Between 1900 and 1914, the estate was gradually repurposed for recreational and sporting activities. Hot air balloon launches were hosted there, and a wooden velodrome was established in 1908. The castle also accommodated a dairy and tavern. In 1912, Karreveld became one of the sites associated with the early development of Belgian cinema. At the request of Charles Pathé (Pathé Cinémas), the French director Alfred Machin established the country's first film studio there. Stretching across a meadow from the Chaussée de Gand/Gentsesteenweg to the Karreveld velodrome, this studio consisted of glazed sheds with offices, dressing rooms, workshops for set construction, as well as a small menagerie of exotic animals, such as bears, camels and two panthers, for use as 'extras' in films. Some twenty early Belgian feature films, including Saïda a enlevé Manneken-Pis, La Fille de Delft and Maudite soit la guerre (in hand-painted colours), were shot and produced there.
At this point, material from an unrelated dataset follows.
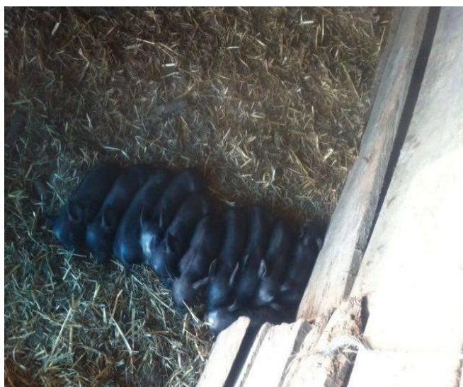
Slika 4. Prasad crne slavonske svinje

Udio i kakvoća mesa crna slavonske svinje ovisi o načinu hranidbe. Prema Uremović (2004.) postotak mesa tovljenika u tovu na paši, žiru uz dohranu kukuruza , kreće se oko 40 % u polovicama, te se unutarmišćna mast kreće od 4 do 8 %. Meso ima dobru sposobnost vezanja vode, što s ostalim svojstvima kakvoće je velika prednost za preradu u trajne proizvode. Meso crne slavonske svinje je zadovoljavajuće kakvoće, a boja

In 1930, the municipality of Molenbeek purchased the 16 ha estate from the House de Villegas. Part of the land was redeveloped for urban projects including the extension of the surrounding boulevards and avenues—Boulevard Louis Mettewie/Louis Mettewielaan, Avenue de la Liberté/Vrijheidslaan, Avenue du Karreveld/Karreveldlaan, etc.—and the construction of villas, while then-mayor Edmond Machtens, elected in 1939, commissioned studies for the castle's restoration.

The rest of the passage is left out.